### Data supplied
· · · · · · ·

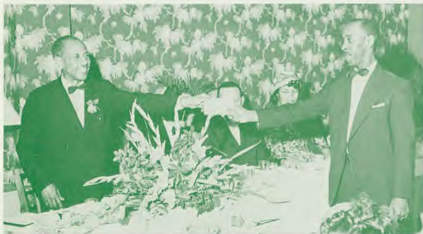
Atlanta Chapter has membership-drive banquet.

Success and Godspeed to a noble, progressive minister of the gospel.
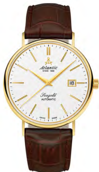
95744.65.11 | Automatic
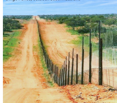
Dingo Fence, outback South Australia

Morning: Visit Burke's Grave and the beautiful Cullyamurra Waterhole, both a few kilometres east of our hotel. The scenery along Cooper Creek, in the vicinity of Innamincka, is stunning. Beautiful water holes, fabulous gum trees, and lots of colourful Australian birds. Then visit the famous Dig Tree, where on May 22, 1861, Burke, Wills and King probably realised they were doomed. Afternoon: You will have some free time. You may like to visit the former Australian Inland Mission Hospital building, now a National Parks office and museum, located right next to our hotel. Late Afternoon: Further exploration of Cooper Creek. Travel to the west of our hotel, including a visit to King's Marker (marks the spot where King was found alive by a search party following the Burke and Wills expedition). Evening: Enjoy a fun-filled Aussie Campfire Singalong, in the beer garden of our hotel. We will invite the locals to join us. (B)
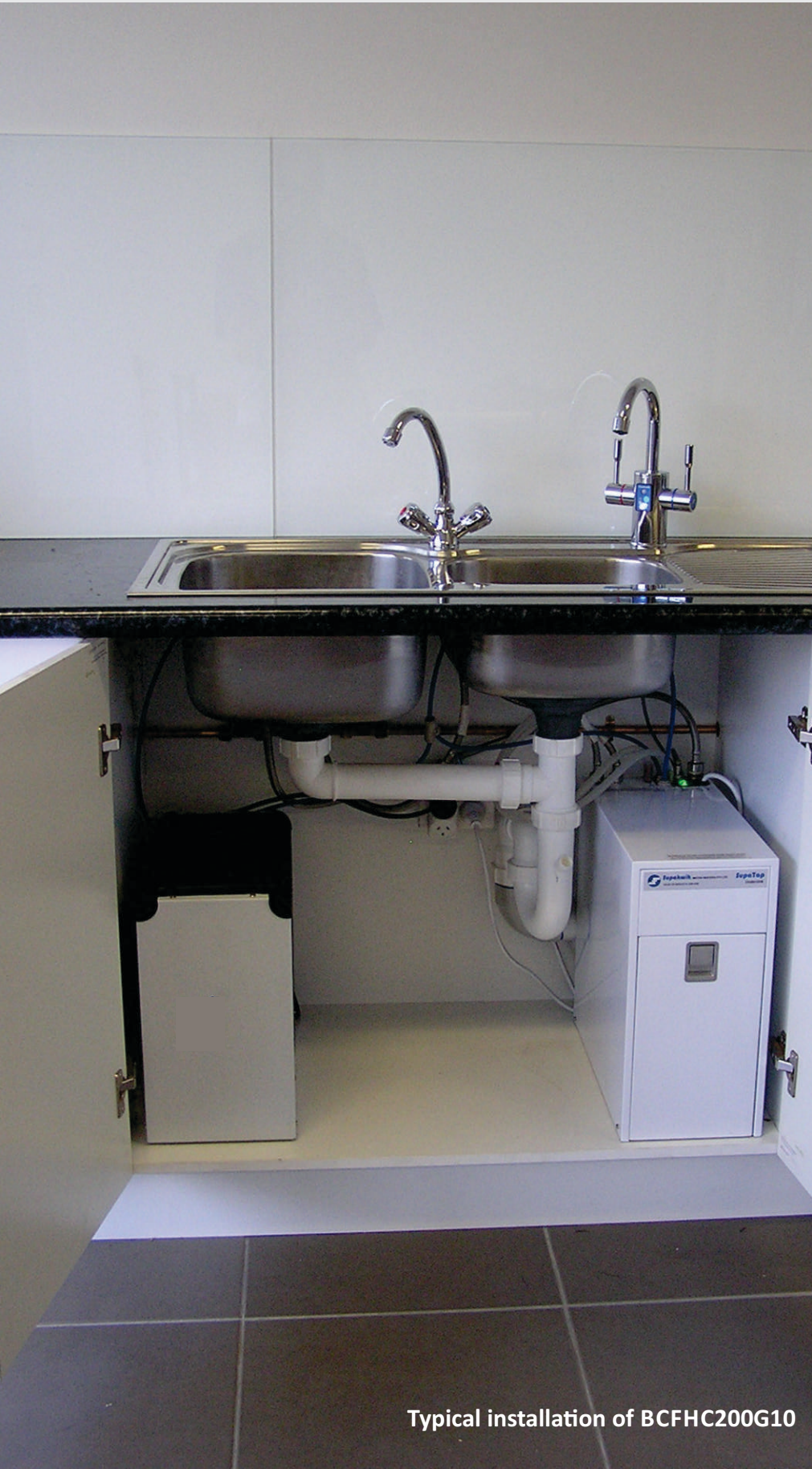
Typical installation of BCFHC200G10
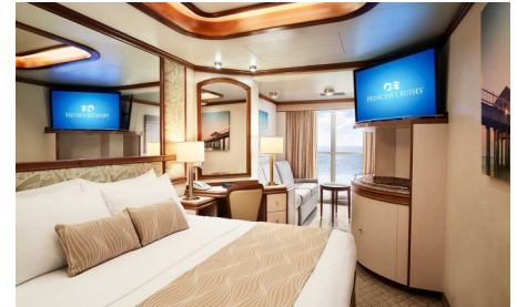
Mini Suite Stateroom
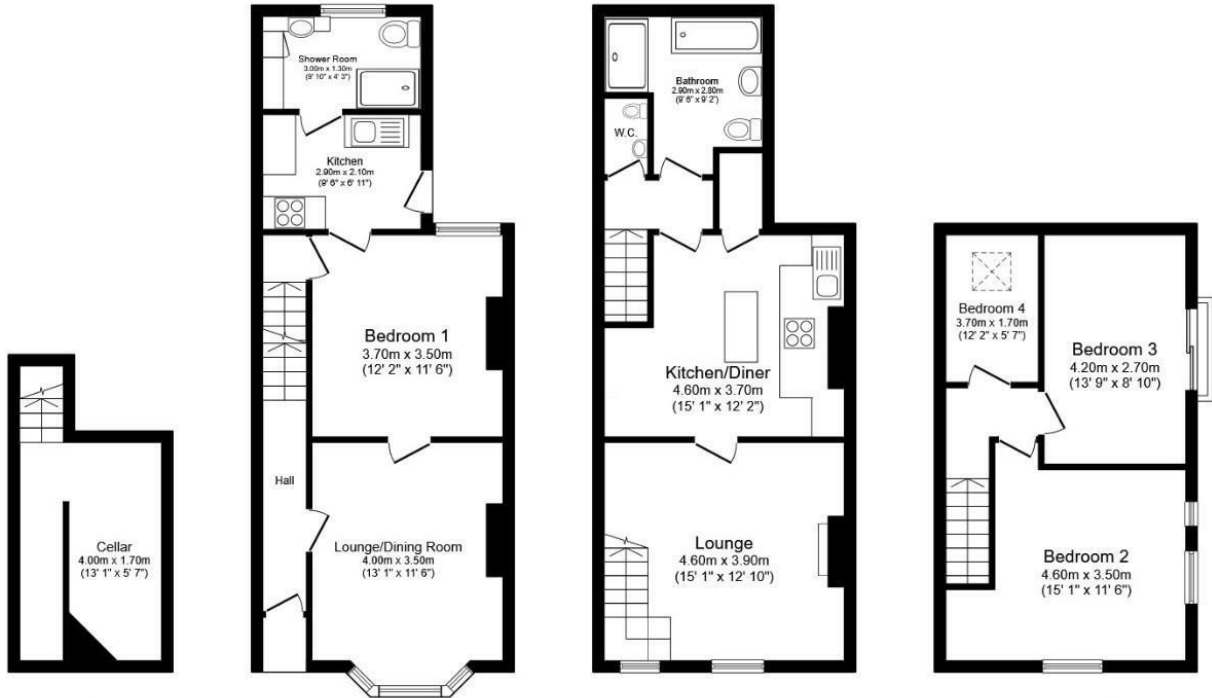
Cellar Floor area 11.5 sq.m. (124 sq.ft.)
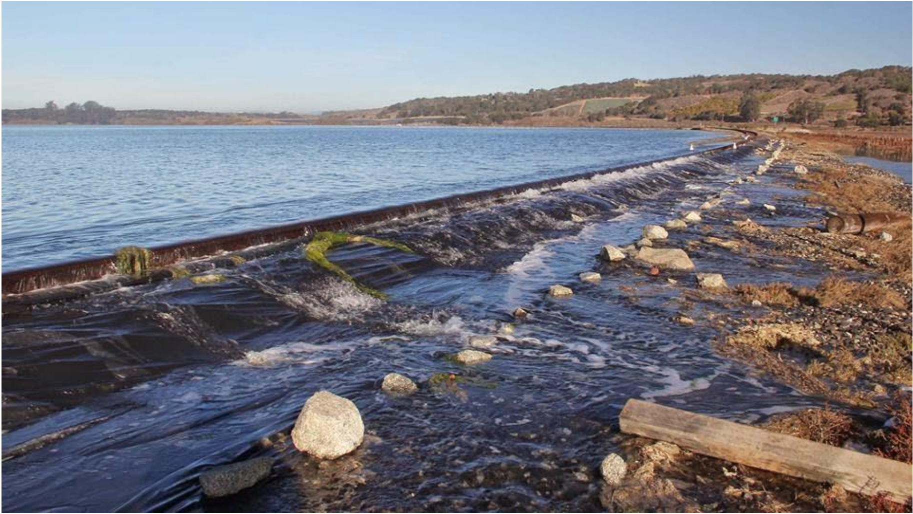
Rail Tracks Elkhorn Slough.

· · · · · · ·

### Task details
Reproduce only the lines running from the beginning of the entries above to the line holding "Dingo Fence, outback South Australia", inclusive. Pictures stay out of the copy.

### Reply
Atlanta Chapter has membership-drive banquet.

Success and Godspeed to a noble, progressive minister of the gospel.
95744.65.11 | Automatic
Dingo Fence, outback South Australia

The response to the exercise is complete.